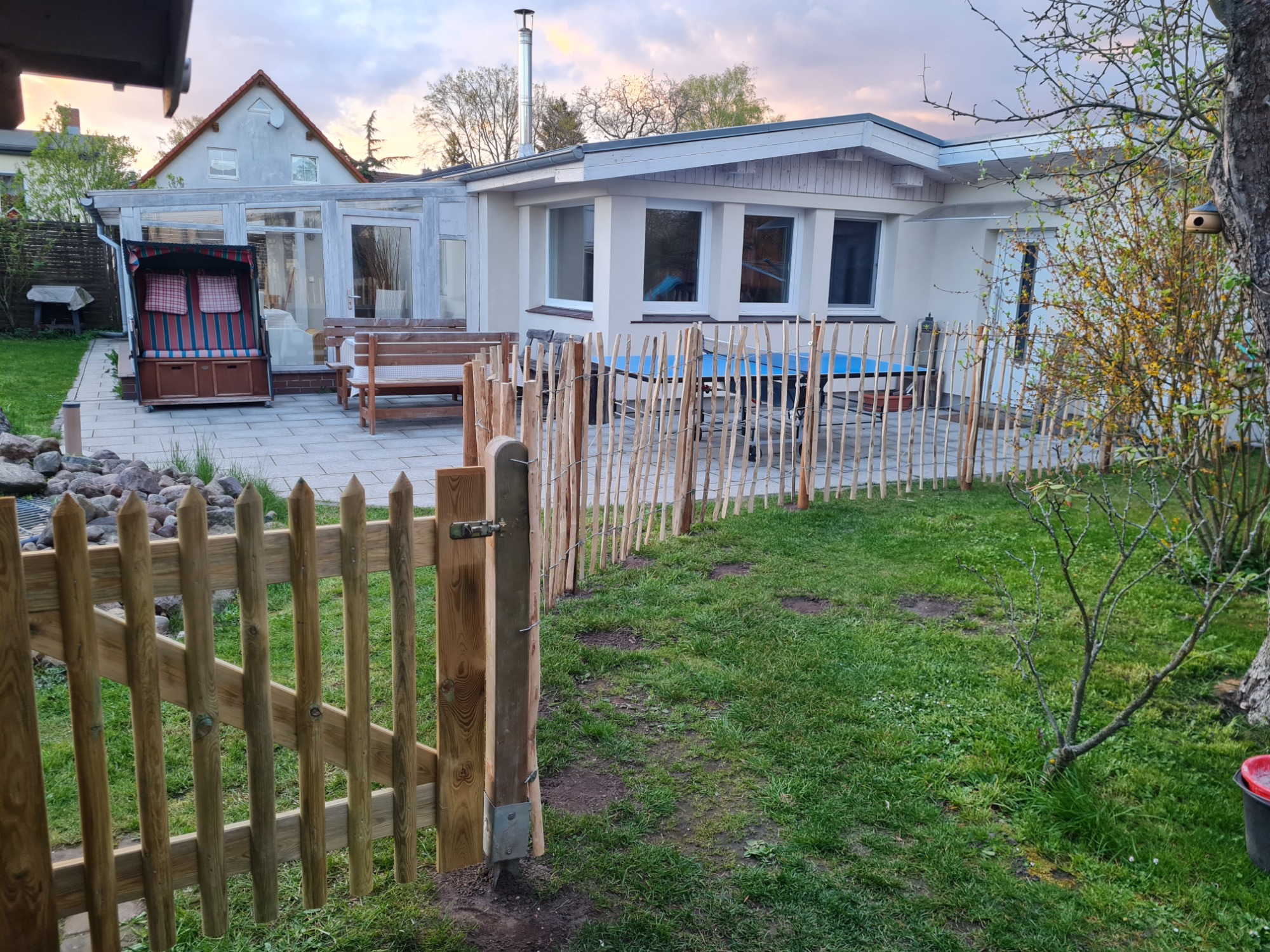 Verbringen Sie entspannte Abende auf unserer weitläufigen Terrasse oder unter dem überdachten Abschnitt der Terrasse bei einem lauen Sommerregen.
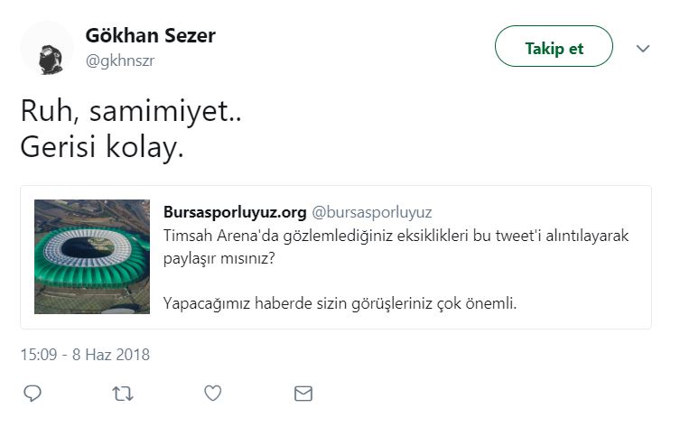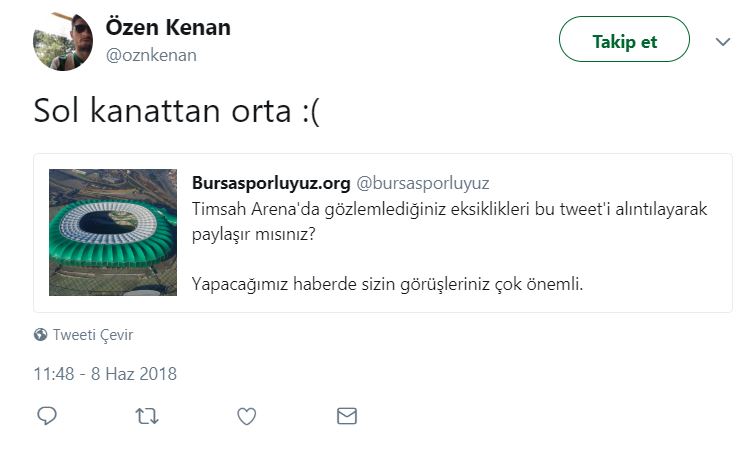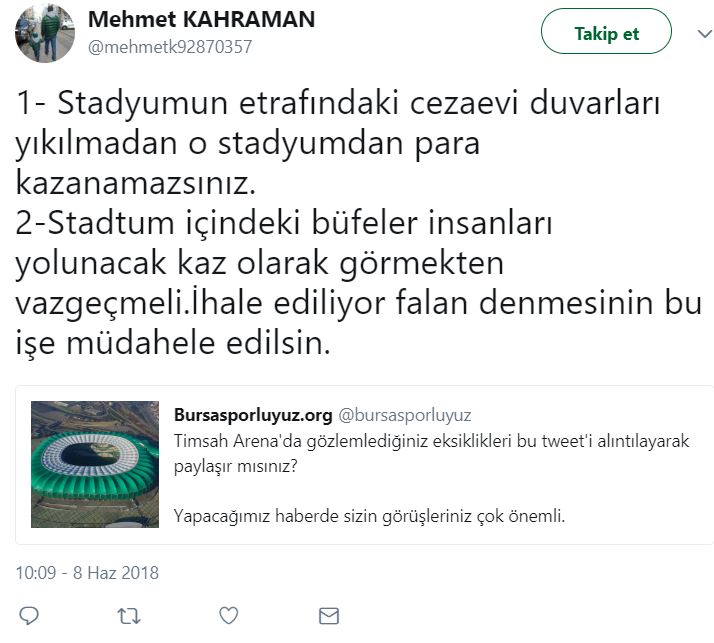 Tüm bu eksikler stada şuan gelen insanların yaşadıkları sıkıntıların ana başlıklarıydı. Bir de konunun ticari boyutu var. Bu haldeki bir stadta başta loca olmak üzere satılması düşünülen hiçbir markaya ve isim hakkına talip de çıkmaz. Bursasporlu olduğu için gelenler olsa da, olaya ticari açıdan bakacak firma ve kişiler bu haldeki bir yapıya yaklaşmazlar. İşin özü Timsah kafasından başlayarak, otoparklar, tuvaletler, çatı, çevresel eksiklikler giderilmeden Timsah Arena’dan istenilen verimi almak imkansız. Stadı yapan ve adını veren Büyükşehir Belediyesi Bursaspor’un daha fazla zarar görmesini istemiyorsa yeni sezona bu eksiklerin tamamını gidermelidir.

++++++++++++++++++++

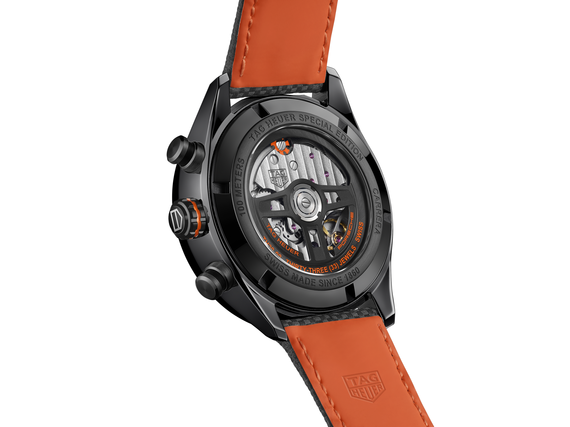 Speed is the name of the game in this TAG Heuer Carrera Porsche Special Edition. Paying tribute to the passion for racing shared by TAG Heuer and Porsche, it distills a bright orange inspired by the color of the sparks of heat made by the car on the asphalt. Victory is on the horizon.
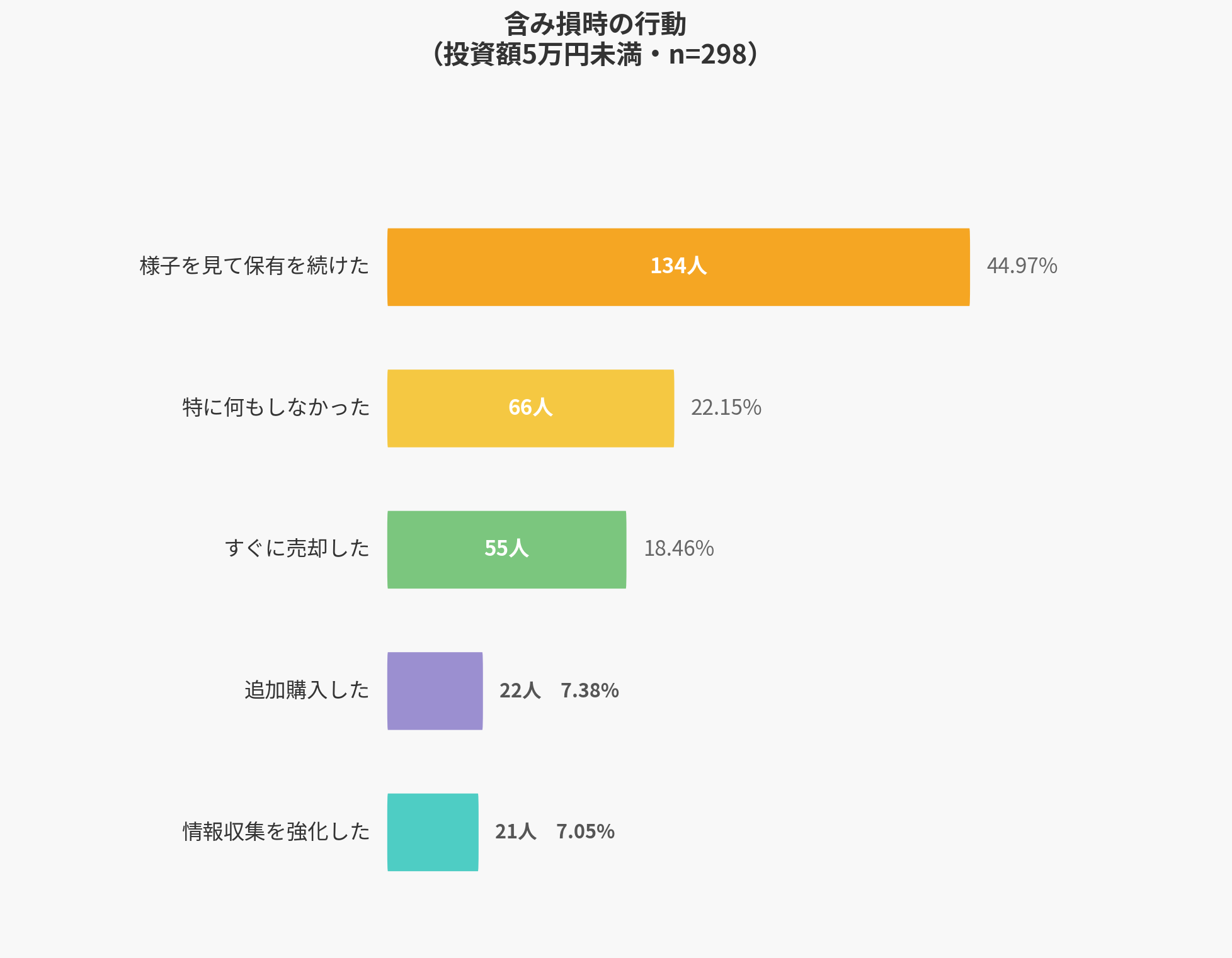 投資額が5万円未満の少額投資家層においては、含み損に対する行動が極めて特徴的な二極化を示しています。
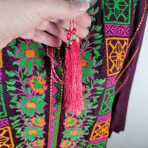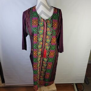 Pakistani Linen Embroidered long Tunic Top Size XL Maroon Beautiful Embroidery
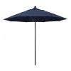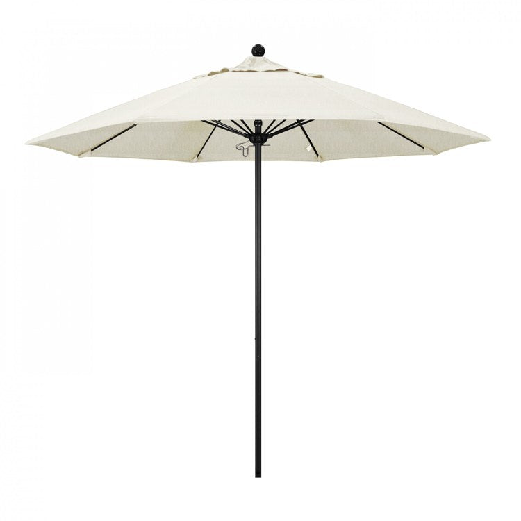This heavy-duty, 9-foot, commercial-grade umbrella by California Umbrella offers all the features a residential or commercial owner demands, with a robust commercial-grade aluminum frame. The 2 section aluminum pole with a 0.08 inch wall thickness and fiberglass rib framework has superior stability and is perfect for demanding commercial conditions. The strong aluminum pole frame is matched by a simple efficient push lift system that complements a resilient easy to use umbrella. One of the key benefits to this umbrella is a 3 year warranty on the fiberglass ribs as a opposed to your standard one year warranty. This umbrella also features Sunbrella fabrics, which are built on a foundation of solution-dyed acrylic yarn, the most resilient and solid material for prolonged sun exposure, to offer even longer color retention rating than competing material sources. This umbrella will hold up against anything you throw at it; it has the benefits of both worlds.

++++++++++++++++++++

*Exercise requirements*. With the pictures omitted, print the lines above exactly, beginning at the line with "Verbringen Sie entspannte" and going on through the line with "Tüm bu eksikler".

*Solution to this exercise*.
 Verbringen Sie entspannte Abende auf unserer weitläufigen Terrasse oder unter dem überdachten Abschnitt der Terrasse bei einem lauen Sommerregen.
 Tüm bu eksikler stada şuan gelen insanların yaşadıkları sıkıntıların ana başlıklarıydı. Bir de konunun ticari boyutu var. Bu haldeki bir stadta başta loca olmak üzere satılması düşünülen hiçbir markaya ve isim hakkına talip de çıkmaz. Bursasporlu olduğu için gelenler olsa da, olaya ticari açıdan bakacak firma ve kişiler bu haldeki bir yapıya yaklaşmazlar. İşin özü Timsah kafasından başlayarak, otoparklar, tuvaletler, çatı, çevresel eksiklikler giderilmeden Timsah Arena’dan istenilen verimi almak imkansız. Stadı yapan ve adını veren Büyükşehir Belediyesi Bursaspor’un daha fazla zarar görmesini istemiyorsa yeni sezona bu eksiklerin tamamını gidermelidir.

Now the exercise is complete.